Remembrance Day 2018: The Great War 100th Anniversary

By Jeff Renaud 11 Nov 2018 4

This article was originally publisher on 11th November, 2016. Jeff felt his words still hold true now as we remember the 100th anniversary, and so this article is being republished on his request. There have been minor edits to fix old errors and to tighten the prose.

Many years ago, my mother questioned my burgeoning love of wargames as, perhaps, ‘glorifying’ war.  I was young enough that the question discomfited me, and yet it did almost nothing to mitigate my attraction to the genre, even though I have since posed the question to myself often.  Not too many years later, I had occasion to visit the Arromanches D-Day Museum and the Canadian War Cemetery at Bény-sur-Mer, France; the spectacle of rows upon rows of crosses at the memorial, in almost any direction I looked, appalled me at the time and still have that effect.  Those images (including personal photos I took) and my experiences there obviously did not ‘turn me off’ wargames, and yet I continue to ask myself these questions; but I have not found a satisfactory answer.  Perhaps I can come up with one now.

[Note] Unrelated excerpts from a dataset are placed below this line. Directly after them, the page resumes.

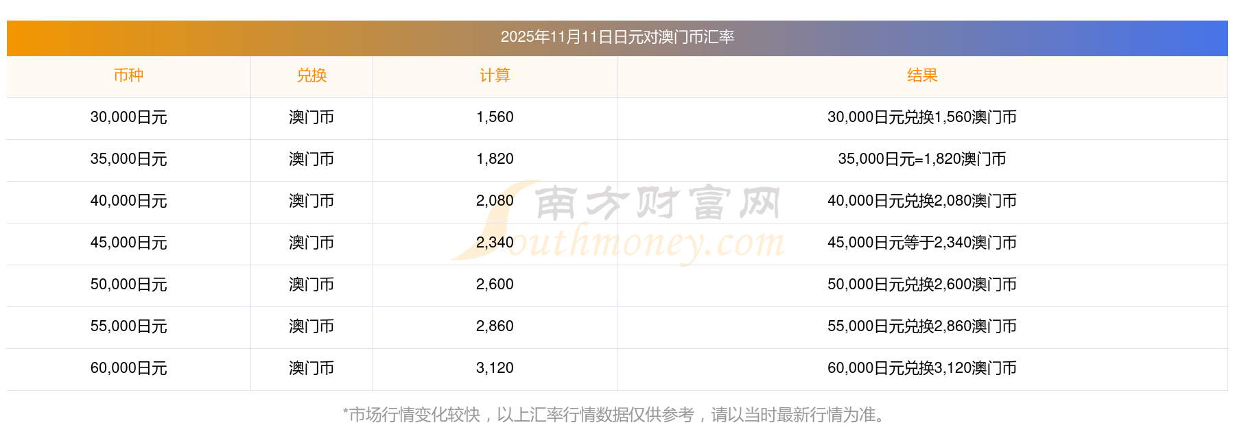 日元對澳門幣匯率中間價_今天日元換澳門幣計算多少?2025/11/11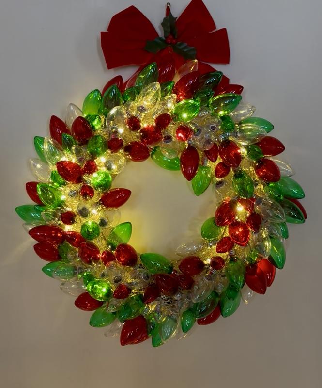 Mr. Christmas17" Retro C9 Bulb Wreath, Red Green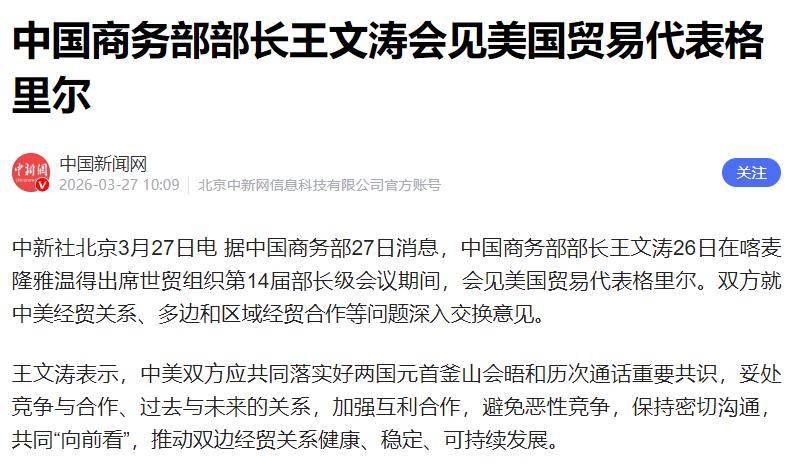 3月26日,王文涛与美国贸易代表格里尔的会晤中,中方直接开门见山,态度坚定。王文涛明确表示,中美经贸关系需要妥善处理竞争与合作的关系,避免恶性竞争,进一步加强互利合作。这一表态看似常规,但放在如今的国际背景下,实际上等于彻底堵住了将经贸问题政治化的通道。更为关键的是,中方不仅谈合作,更在会上直言不讳地框定了规则,实际上将谈判从情绪对抗转回了利益清算的轨道。语言越直白,误判的空间就越小,也能够避免对方在模糊的空间内做文章。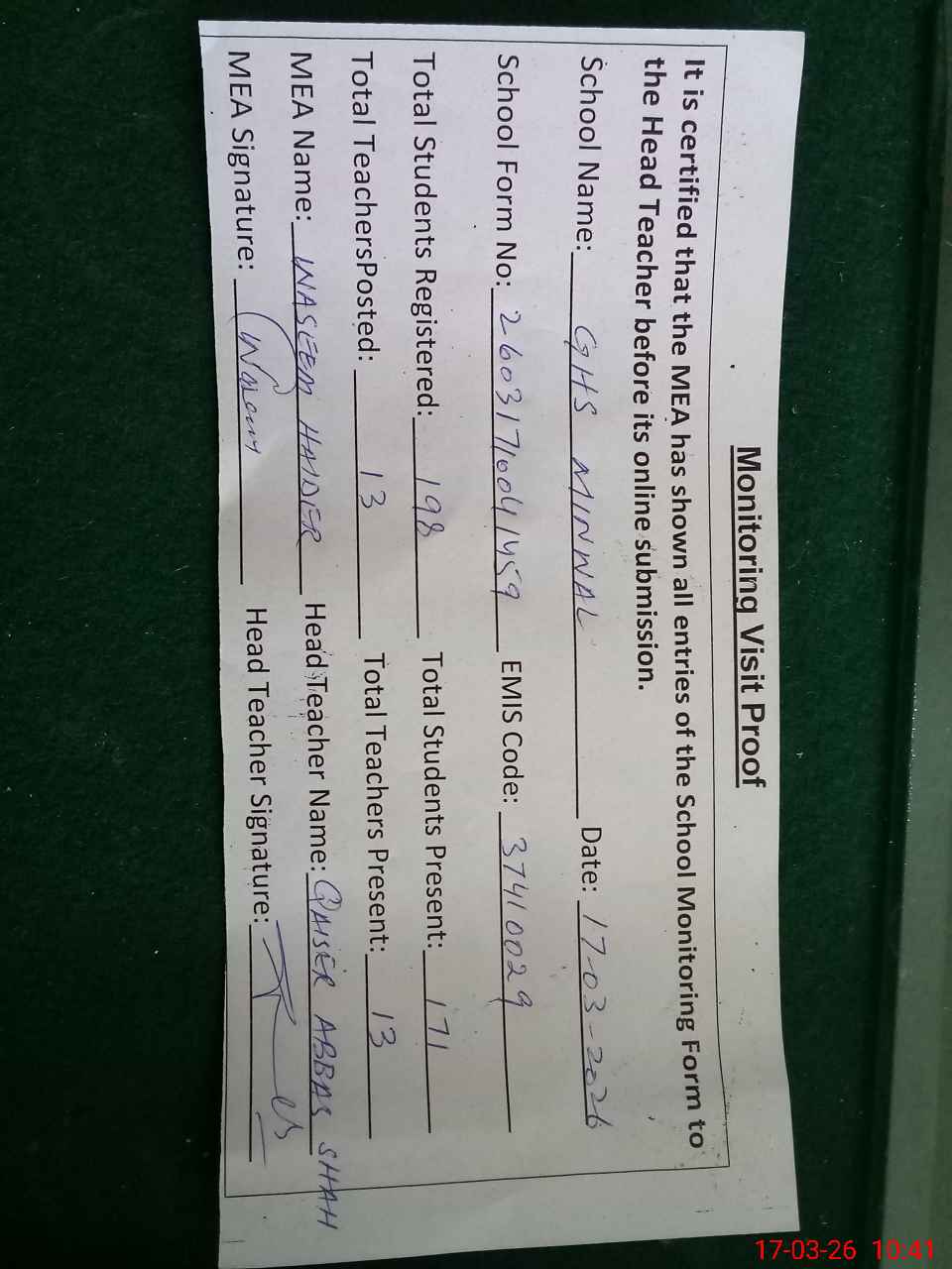 | EMIS Code: 37410029 | Name of School: GHS MINWAL | |||

I am not about to begin a philosophical discussion here or debate the merits of wargames, nor ask what is it that attracts us to games that, undeniably, are based on the most horrific events in human history, that is, war.  A case has been made elsewhere that wargames have qualities such as teaching logic and strategy; indeed, many nations’ militaries use them for that very reason, and even commission their design to use as training aids.  Even chess, if one wishes to open up a broader discussion of games based on war or conflict, could be considered a wargame.  Not to mention all the so-called ‘shooters’; even most RPGs arguably have elements of war or at least combat, where one or more virtual human duels another(s) to pixelated death.  Does playing any of them, then, glorify war and death?  Even worse, does it cause certain impressionable people to go out and commit acts of violence, because they ‘learned’ it playing certain games?  I say, as I’m sure all readers would, “Nonsense.”

For me instead, playing wargames does quite the opposite to glorifying war: It honours the sacrifice that our veterans, current and former, continue to perform for us on a daily basis.  When I play wargames I often think about how, if we hadn’t had so many heroes on hand at just the right moments, things – namely, wars – likely would have gone in quite a different way.  I doubt I’d have the freedom now to play virtually any game I want, not to mention write about them and be at liberty to express an opinion one way or another.  Although this may not be the reason – or even a reason – I play wargames, I think it answers the question of glorification, for me at least.

Although I was very briefly in the military myself, I thankfully never came close to war.  I also spent a few years at a contractor for the Canadian military, helping them out with ‘non-soldierly’ tasks so they could, well, be soldiers.  During my time in the far north, several of their comrades fell in Afghanistan, and while there every Remembrance Day November 11th (readers in the U.S.A. know it as Veterans Day) was a solemn day of ceremony and tradition, attendance at the service mandatory unless you had a critical task.  I did not, and I did not begrudge a minute of it.

“In Flanders Fields the Poppies grow” begins a poem by John MacRae, a Canadian major (at the time) and doctor in the first World War.  Doubtless most readers have heard of it, if not read it all themselves.  I invite every reader to do so, or else perhaps watch this video, or this one; the first is only two minutes long, the second four (or I’m sure you can find your own!).  Better still, attend local ceremonies if possible.  I think we owe our veterans that much.  Truly, it’s a “Pittance of Time”.

On behalf of everyone here at, we'd like to thank our veterans for their service and ask everyone to remember the sacrifices of those who came before us.